RE: Shells hang during script execution

2006-03-01 Thread Ernie Coskrey
>>Here's a description of a second hang condition we were encountering, along 
>>with a patch for it.
>>
>>
>>The application (pdksh in this case) does a read on a pipe, which eventually 
>>calls pipe.cc fhandler_pipe::read in Thread 1.  This creates a new cygthread 
>>with "read_pipe()" as the function.  Then >it calls th->detach(read_state).
>>
>>When the hang occurs, the new thread gets terminated early, before
>>cygthread::stub() can call "callfunc()".  You see the error message
>>"erroneous thread activation".  I'm not sure what's causing the thread
>>to fail activation, but the result is, the read_state semaphore never
>>gets signalled.
>
>Sorry but this is another band-aid around a problem.  The real problem
>is that the code shouldn't get into the state that you are describing.
>That's why cygwin prints an error message - it is a serious problem.
>Making the code deal gracefully with a problem like this isn't going
>to solve the underlying issue.
>
>If you can figure out what's causing the erroneous thread activation
>then that will be the real culprit.
>
>cgf
>

OK, I believe I've tracked this down.

The problem occurs when we get into a read_pipe cygthread constructor 
(cygthread::cygthread()) with a NULL h and an ev that is signalled.  When this 
condition exists, a hang can occur as follows:

1) Creator thread calls detach().  This waits for pipe_state to be released 
twice
2) read_pipe thread calls read_pipe, reads data, and releases the semaphore 
twice
3) Creator thread goes to WFSO(*this, INFINITE) which returns immediately 
because ev was set when the thread was created.
4) Creator thread initiates another read_pipe cygthread to read more pipe data.

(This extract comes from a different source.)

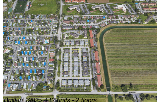
Built in 1982 - 112 units - 2 floors

At this point, there's a race: if the Creator thread gets past the 
initialization part of the constuctor, which sets __name(name), BEFORE the 
original read_pipe thread gets to the part of cygthread::stub() that sets 
info->__name = NULL, then you'll see the hang.  The new pipe_read will give the 
"erroneous thread activation" message, and the parent will be stuck waiting for 
data that will never arrive.

The only path that leaves an unused thread structure in a state where h==NULL 
and ev is signalled is cygthread::release().  So the fix is simple:

$ cat cygthread.cc.udiff
--- cygthread.cc.ORIG   2006-02-22 10:57:42.123931300 -0500
+++ cygthread.cc2006-03-01 12:59:23.255023000 -0500
@@ -268,7 +268,12 @@
 cygthread::release (bool nuke_h)
 {
   if (nuke_h)
+{
 h = NULL;
+
+if (ev)
+  ResetEvent (ev);
+}
 #ifdef DEBUGGING
   __oldname = __name;
   debug_printf ("released thread '%s'", __oldname);


--
Unsubscribe info:  http://cygwin.com/ml/#unsubscribe-simple
Problem reports:   http://cygwin.com/problems.html
Documentation: http://cygwin.com/docs.html
FAQ:   http://cygwin.com/faq/



RE: Shells hang during script execution

2006-02-23 Thread Ernie Coskrey
Here's a description of a second hang condition we were encountering, along 
with a patch for it.


The application (pdksh in this case) does a read on a pipe, which eventually 
calls pipe.cc fhandler_pipe::read in Thread 1.  This creates a new cygthread 
with "read_pipe()" as the function.  Then it calls th->detach(read_state).

When the hang occurs, the new thread gets terminated early, before 
cygthread::stub() can call "callfunc()".  You see the error message "erroneous 
thread activation".  I'm not sure what's causing the thread to fail activation, 
but the result is, the read_state semaphore never gets signalled.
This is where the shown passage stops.